> _Material to process_
········

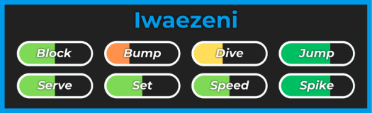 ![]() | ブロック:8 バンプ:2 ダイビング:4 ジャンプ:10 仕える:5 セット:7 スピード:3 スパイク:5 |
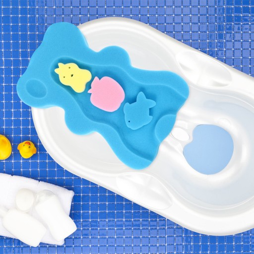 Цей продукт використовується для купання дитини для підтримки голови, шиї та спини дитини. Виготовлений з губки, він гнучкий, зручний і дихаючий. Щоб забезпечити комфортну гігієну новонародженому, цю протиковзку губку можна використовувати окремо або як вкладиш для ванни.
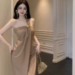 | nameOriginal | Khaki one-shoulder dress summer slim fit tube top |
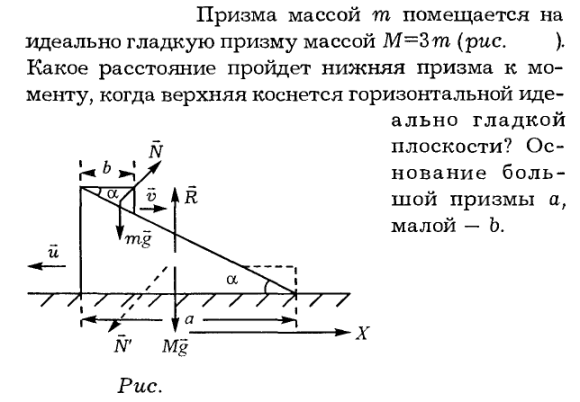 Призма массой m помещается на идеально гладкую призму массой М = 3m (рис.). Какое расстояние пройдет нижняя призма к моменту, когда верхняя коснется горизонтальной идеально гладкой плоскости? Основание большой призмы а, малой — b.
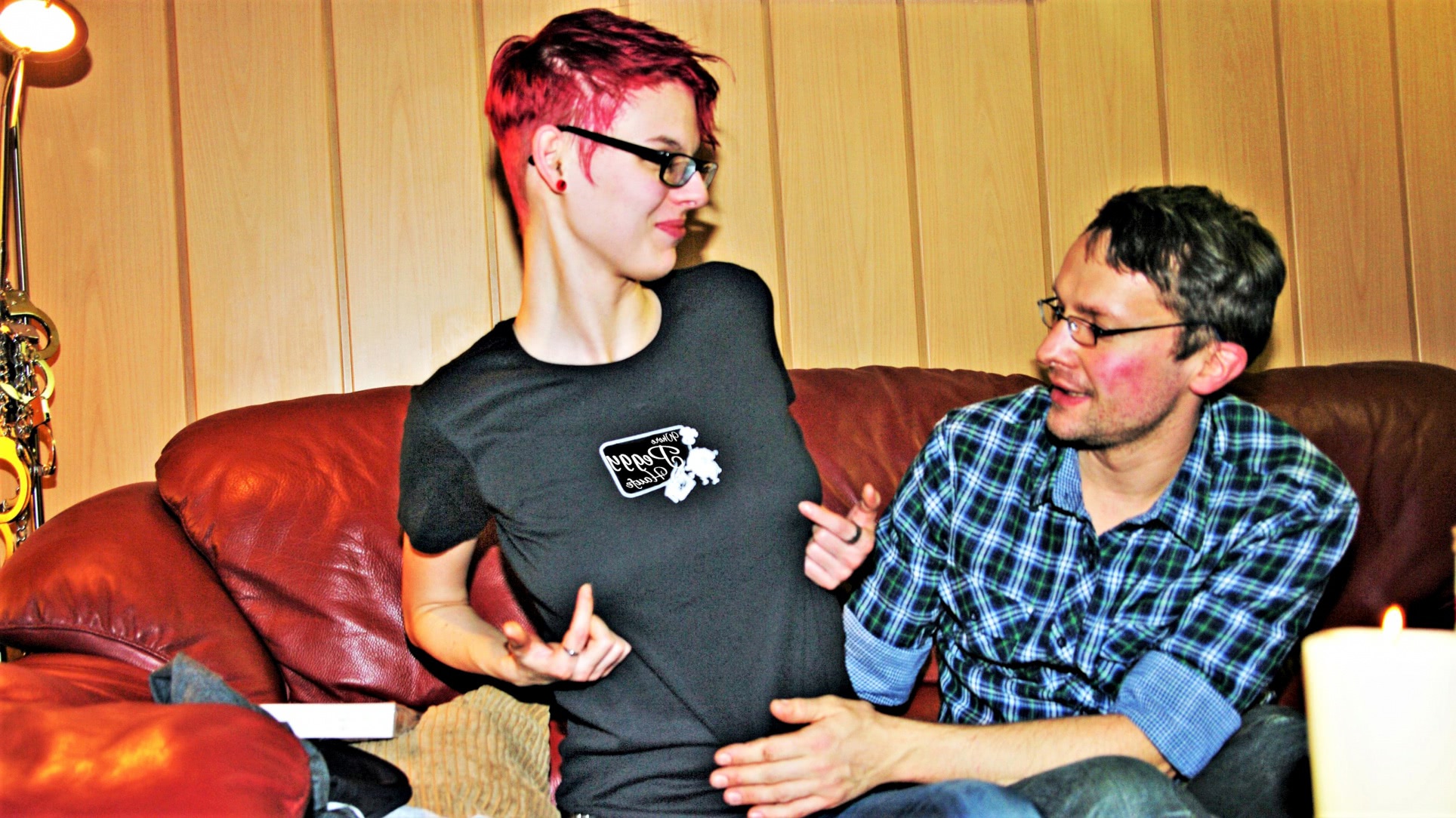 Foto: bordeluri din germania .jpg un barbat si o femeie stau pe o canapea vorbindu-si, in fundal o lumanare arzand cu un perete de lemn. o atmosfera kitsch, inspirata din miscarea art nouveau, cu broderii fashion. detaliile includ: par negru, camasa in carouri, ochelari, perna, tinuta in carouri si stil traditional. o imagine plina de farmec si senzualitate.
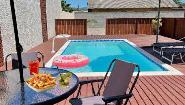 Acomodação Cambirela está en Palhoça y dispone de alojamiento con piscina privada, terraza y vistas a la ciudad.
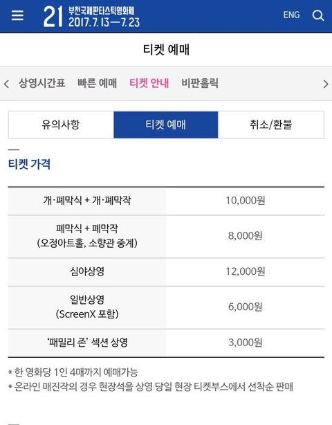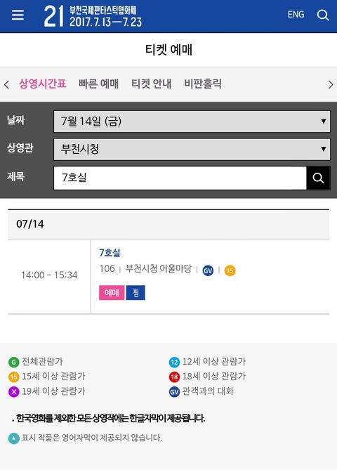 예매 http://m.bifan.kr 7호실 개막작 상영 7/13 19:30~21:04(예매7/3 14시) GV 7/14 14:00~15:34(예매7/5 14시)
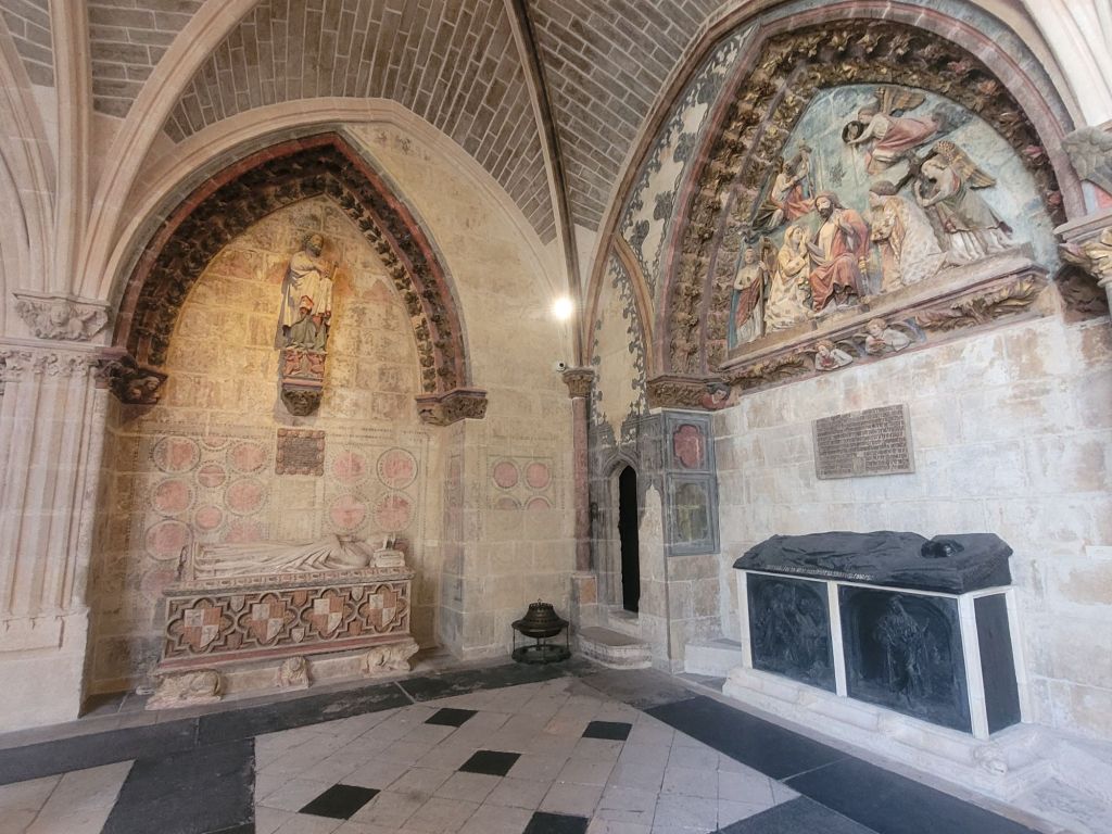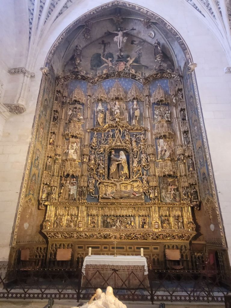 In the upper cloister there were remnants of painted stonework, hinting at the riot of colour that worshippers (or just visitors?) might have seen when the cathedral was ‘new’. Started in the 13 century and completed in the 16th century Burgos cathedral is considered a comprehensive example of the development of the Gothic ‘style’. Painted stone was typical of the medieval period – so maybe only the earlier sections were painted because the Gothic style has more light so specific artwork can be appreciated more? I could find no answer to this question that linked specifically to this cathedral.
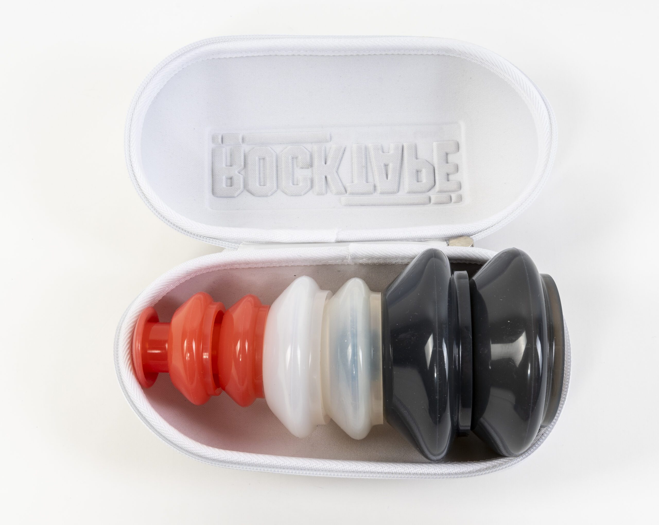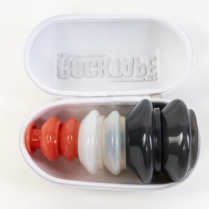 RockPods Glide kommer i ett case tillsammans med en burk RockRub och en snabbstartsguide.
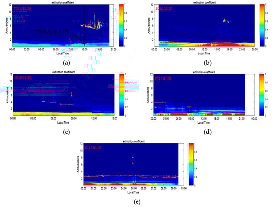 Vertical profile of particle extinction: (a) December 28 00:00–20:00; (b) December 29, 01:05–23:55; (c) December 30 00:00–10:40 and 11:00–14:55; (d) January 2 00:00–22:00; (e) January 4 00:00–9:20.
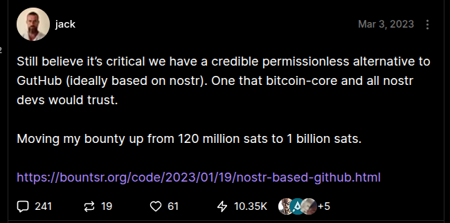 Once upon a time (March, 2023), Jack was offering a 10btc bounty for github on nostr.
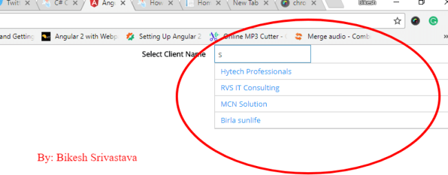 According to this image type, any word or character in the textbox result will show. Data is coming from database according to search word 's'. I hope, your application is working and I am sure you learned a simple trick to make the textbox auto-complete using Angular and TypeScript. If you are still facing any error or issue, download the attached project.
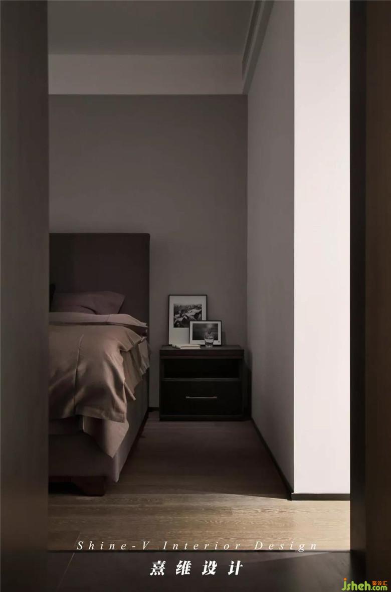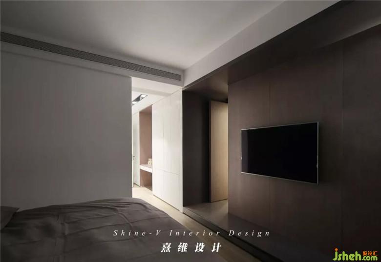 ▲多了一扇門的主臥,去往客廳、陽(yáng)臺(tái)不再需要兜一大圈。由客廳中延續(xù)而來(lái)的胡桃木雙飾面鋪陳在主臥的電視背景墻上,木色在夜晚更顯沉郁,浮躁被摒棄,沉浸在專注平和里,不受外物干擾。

········

> _Assignment_
For this exercise, reproduce exactly the lines of the records above from the one with "RockPods Glide kommer" up to and including the one with "Once upon a", without pictures.

> _Exercise result_
 RockPods Glide kommer i ett case tillsammans med en burk RockRub och en snabbstartsguide.
 Vertical profile of particle extinction: (a) December 28 00:00–20:00; (b) December 29, 01:05–23:55; (c) December 30 00:00–10:40 and 11:00–14:55; (d) January 2 00:00–22:00; (e) January 4 00:00–9:20.
 Once upon a time (March, 2023), Jack was offering a 10btc bounty for github on nostr.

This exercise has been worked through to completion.